The GMP (Good Manufacturing Practice) Facility ETH-Unibas-USB, currently set up and hosted by D-BSSE in its new building, is an ETH technology platform shared with University of Basel and University Hospital Basel (operational by the end of 2024). In our academic setting, the GMP platform objective is to provide an environment compliant with the regulatory requirements, which enables researchers to manufacture their gene, cell, and tissue therapy products (Advance Therapeutic Medicinal Product, ATMP) for use in human clinical trials. As such, a GMP platform is a key component of translational research.

The facility equipment enables a range of biological manufacturing processes; from small patient-based products to large bioreactor-produced batches. The facility is not a contract manufacturing organisation, but an open platform in which external project teams are trained, supervised and supported by the facility core team to accomplish GMP-compliant manufacturing of ATMPs for clinical trials. Project teams, of academic researchers and clinical collaborators, are responsible for manufacturing and for most of the testing and documentation tasks. The final batch release to the sponsor (for use in clinical trial) remain under the responsibility of the “Qualified Person” or “Responsible Person”(QP or RP) from the core team. Third parties such as external academic partners or private entities will be able to access the facility based on availability.

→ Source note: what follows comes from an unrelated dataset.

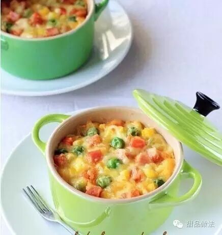 小吃做法奶酪什蔬焗土豆泥甜点|零基础即可做——除了营养丰富之外,香香的奶酪配上滑滑的土豆泥,再加上五彩缤纷的各种蔬菜和火腿,营养更丰富,口味也更好。

Among the pillars of GMP are risk-based analysis, validation and control of every aspect of the environment, equipment, material, procedures and personnel employed in the manufacturing process. To support this comprehensive approach and its intensive documentation activity, the platform is endowed with an electronic Quality/Document Management System including audit trail and electronic signature.

The GMP Platform consists of a manufacturing facility (floor B) and a quality control (floor C) facility.